## Required work
Could the data below be retyped exactly, without its pictures?

## Supplied material
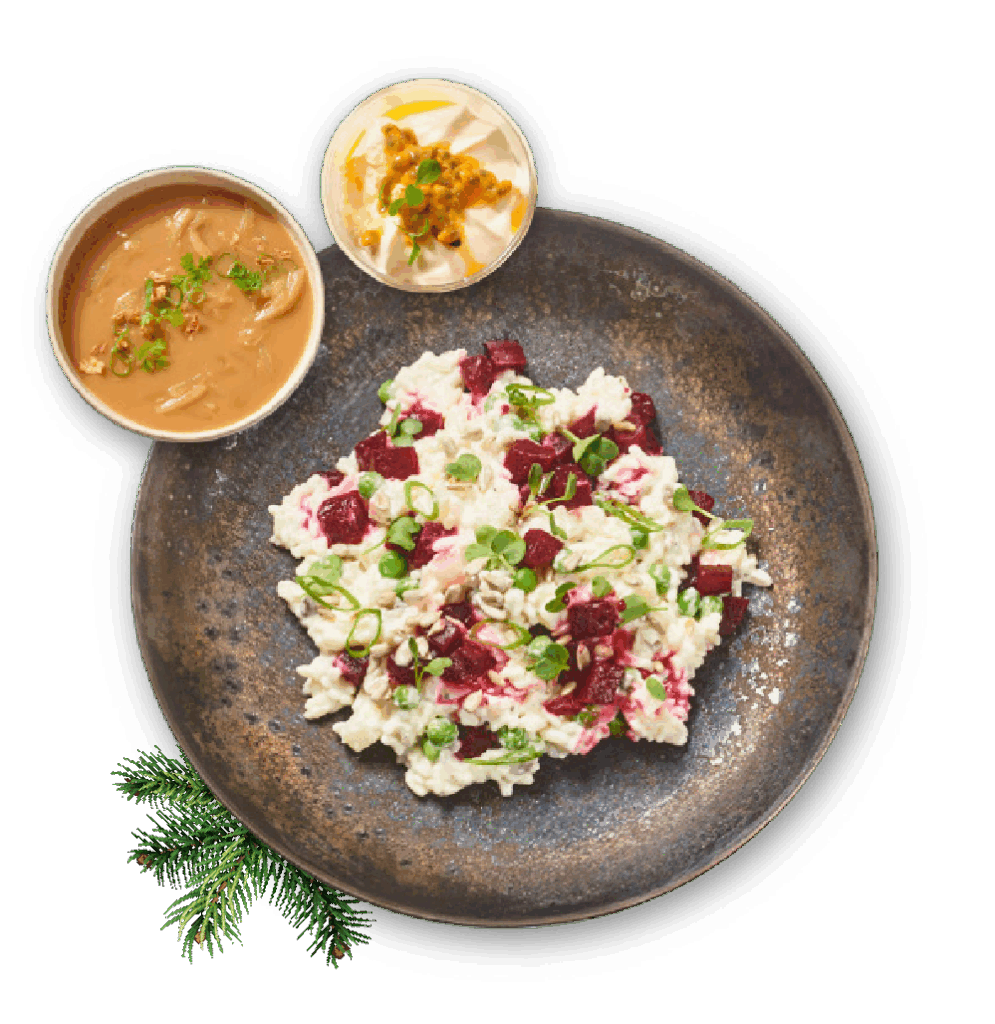 Kerstmenu vega: Risotto met geitenkaas, rode biet, doperwten en selderij
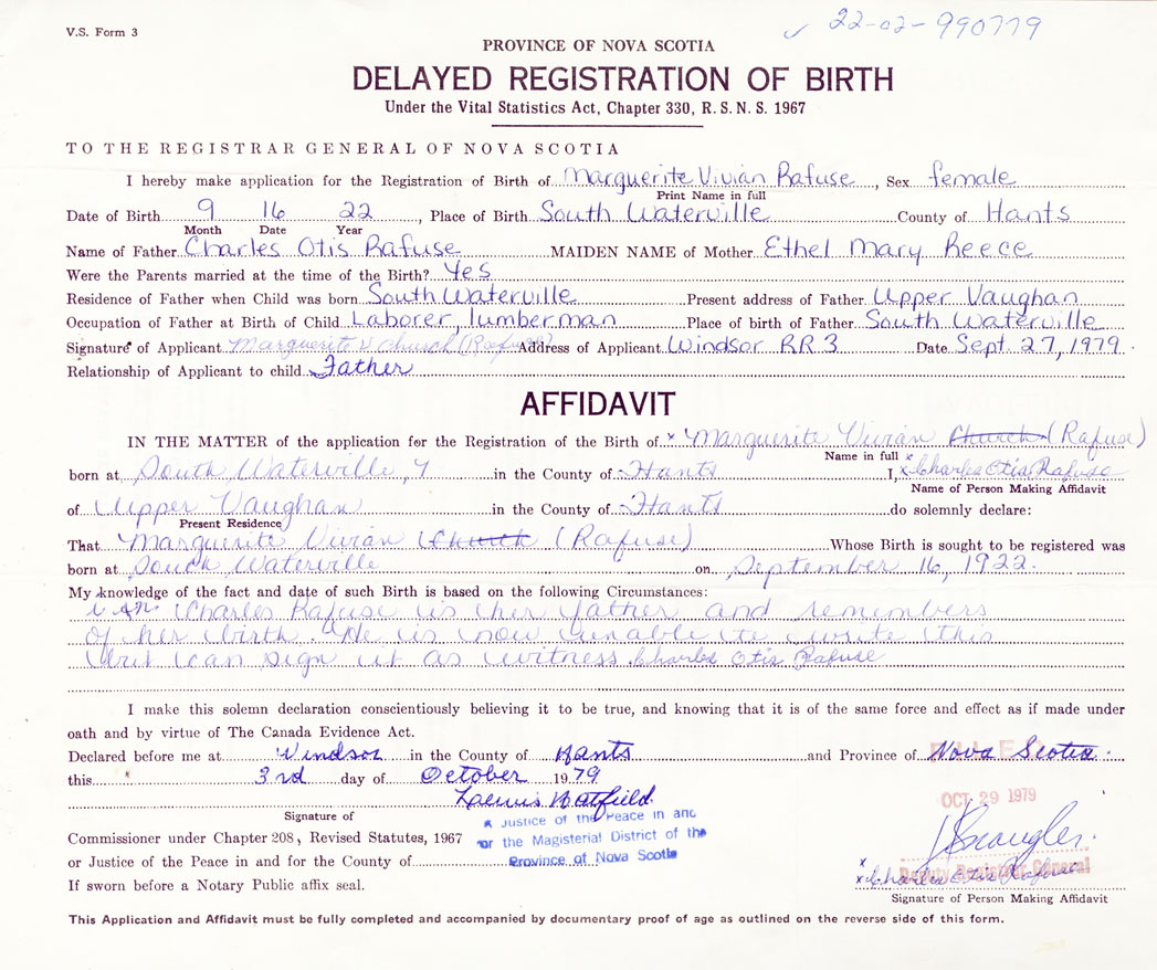I hereby make application for the Registration of Birth of Marguerite VivianRafuse Sex Female
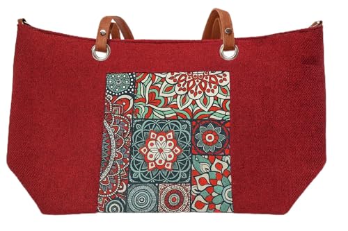 Generic - شنطة يد كبيرة توت مصنوعة يدويا من القماش للنساء من لاماساتي - شنطة كتف كاجوال حمراء مع لوحة قماشية منقوشة ومقابض جلدية
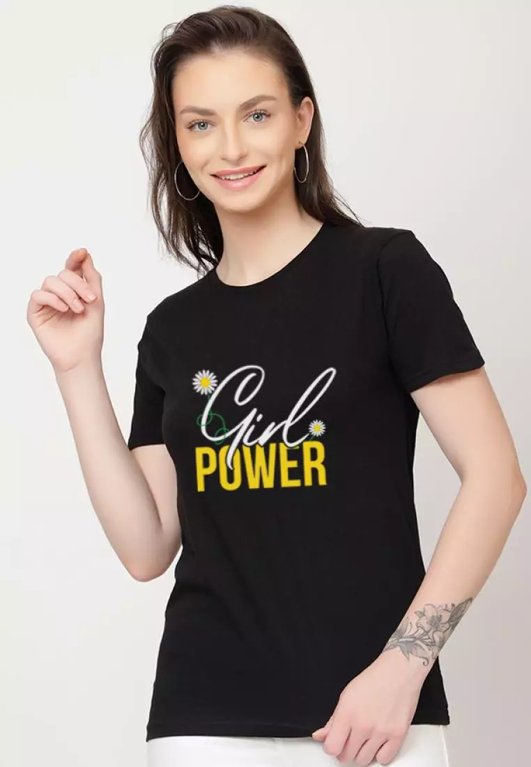 QuirkyTGirl Power Relaxed Short Sleeve Stylish Black Cotton Casual Graphic Print Tee/TShirt4008.001764.00

## Finished task
 Kerstmenu vega: Risotto met geitenkaas, rode biet, doperwten en selderij
I hereby make application for the Registration of Birth of Marguerite VivianRafuse Sex Female
 Generic - شنطة يد كبيرة توت مصنوعة يدويا من القماش للنساء من لاماساتي - شنطة كتف كاجوال حمراء مع لوحة قماشية منقوشة ومقابض جلدية
 QuirkyTGirl Power Relaxed Short Sleeve Stylish Black Cotton Casual Graphic Print Tee/TShirt4008.001764.00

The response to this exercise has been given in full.